You are viewing a plain text version of this content. The canonical link for it is here.
Posted to issues@spark.apache.org by "Paweł Wiejacha (JIRA)" <ji...@apache.org> on 2019/07/25 18:25:00 UTC
[jira] [Commented] (SPARK-25787) [K8S] Spark can't use data
locality information
[ https://issues.apache.org/jira/browse/SPARK-25787?page=com.atlassian.jira.plugin.system.issuetabpanels:comment-tabpanel&focusedCommentId=16893043#comment-16893043 ]

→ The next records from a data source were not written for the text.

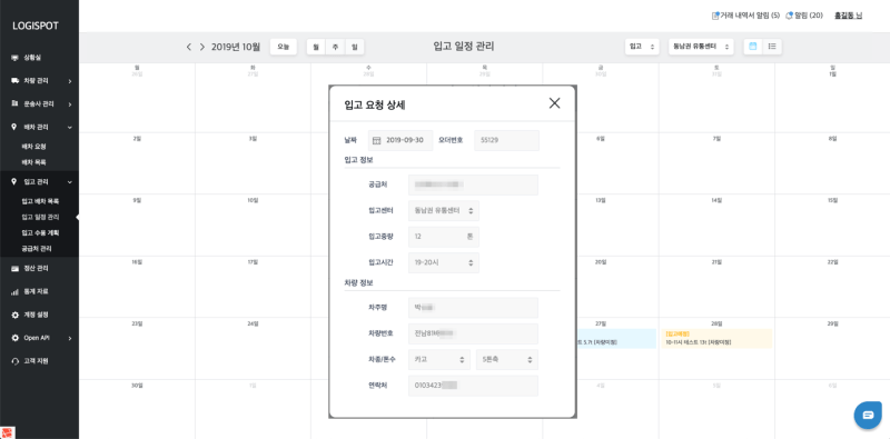 로지스팟만의 입고관리시스템의 가장 큰 장점은 ‘사전입고관리’ 기능을 사용할 수 있다는 점입니다. 자사의 창고나 물류센터에서 수용 가능한 시간과 입고량(capacity)를 사전에 설정하고, 공급처에서는 해당 수용범위 내에서 사전에 입고 예약을 수행할 수 있습니다. 플랫폼에서 기업과 공급사가 함께 정보를 공유하면서 사전에 물류 입고를 예약하고 관리할 수 있는 기능은 국내에 유일합니다. (2019년 12월 기준)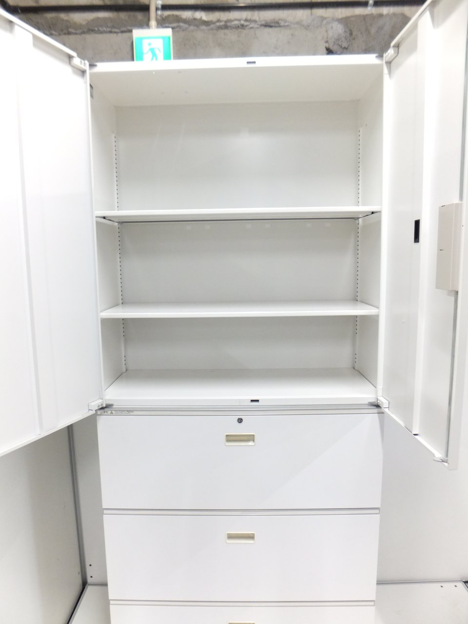 【オフィスを明るくするホワイト】イトーキ製 シンライン 書庫セット(3段ラテラル+両開き)【大容量収納】【シリンダー錠】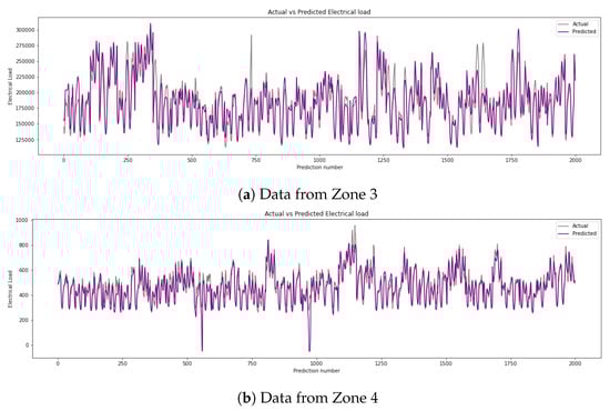 To visually illustrate the accuracy of the prediction results, the predicted and actual energy readings using a 36-step input and 36-step horizon for the streams for Zones 3, 4, and 9 are shown in Figure 13. The models shown have MAPEs of 0.05484, 0.1636, and 0.2975, respectively. The models appear to capture the variations quite well; however, lower values do appear to create some inconsistencies in prediction. These graphs only show a subset of the predicted test set but are able to showcase the differences across the various streams, such as differences in range, minimum and maximum values, and overall patterns of consumption.

Paweł Wiejacha commented on SPARK-25787:
----------------------------------------
I *can* reproduce this issue. In Spark UI, Locality Level is always ANY instead of NODE_LOCAL when reading data from HDFS.
As Yinan Li said, it seems that:
> Support for data locality on k8s has not been ported to the upstream Spark repo yet.
I think that at least the pull request below should be ported and merged to support HDFS data locality in Spark on Kubernetes.
https://github.com/apache-spark-on-k8s/spark/pull/216
Could you please reopen this issue?
> [K8S] Spark can't use data locality information
> -----------------------------------------------
>
> Key: SPARK-25787
> URL: https://issues.apache.org/jira/browse/SPARK-25787
> Project: Spark
> Issue Type: Bug
> Components: Kubernetes
> Affects Versions: 2.4.0
> Reporter: Maciej Bryński
> Priority: Major
>
> I started experimenting with Spark based on this presentation:
> https://www.slideshare.net/databricks/hdfs-on-kuberneteslessons-learned-with-kimoon-kim
> I'm using excelent https://github.com/apache-spark-on-k8s/kubernetes-HDFS
> charts to deploy HDFS.
> Unfortunately reading from HDFS gives ANY locality for every task.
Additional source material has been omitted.